3. Metode rangking tidak berdasar, dan tidak manusia karena membandingkan satu anak dengan anak yang lain. Walau tidak berniat seperti itu, namun pada kenyataannya sistem rangking telah membandingkan satu dengan yang lain. Saya punya keyakinan 100% (mungkin lebih) Anda yang membaca tulisan ini sangat tidak suka jika dibandingkan dengan saudara kandung Anda, atau dengan orang lain. Jika Anda tidak suka, mengapa Anda membandingkan anak-anak?

4. Setiap anak itu unik. Setiap anak memiliki kelebihan dan kekurangan di bidang masing-masing. Sangat tidak adil jika guru membandingkan anak hanya dalam beberapa hal, yang dengan beberapa hal itu anak telah dibandingkan harga dirinya.

5. Pada keumuman, anak yang ranking atas akan selalu berada di kelompok rangking atas. Demikian juga anak yang berada rangking bawah akan selamanya berada di kelompok itu.
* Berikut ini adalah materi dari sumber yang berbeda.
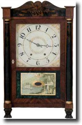Mahogany case with carved paw feet applied stenciled half columns, stenciled eagle crest with cannons. Old finish and patina. Old tablet and painted w...

Hal itu disebabkan karena sistem rangking hanya melihat dalam beberapa sisi kecerdasan saja, yaitu keerdasan berhitung dan bahasa. Sementara kecerdasan lainnya yang masih banyak tidak dapat diukur dengan sistem rangking.

6. Sistem rangking merupakan hasil perhitungan evaluasi kuantitatif (angka). Penilaian kuantitaif ini yang “baru” bisa dilakukan guru, karena nilai angka ini mudah dilakukan. Banyak guru yang belum “mahir” dalam penilaian kualitatif yang deskriptif. Angka 8 dalam raport, atau rangking 1 masih berupa sesuatu yang abstrak. Guru belum bisa menerangkan apa arti rangking 1. Dan anak pun masih belum memahami apa makna rangking 1, selain nilainya di raport melebihi teman-temannya.

7. Di negara lain, umumnya tidak ada rangking. Karena guru disana meyakini setiap anak memiliki kelebihan masing-masing yang berbeda. Raport di luar negeri bahkan hanya sebatas deskripsi karangan guru tentang kelebihan anak.
Kelebihan dalam bidang yang diterlihat dan teramati oleh guru.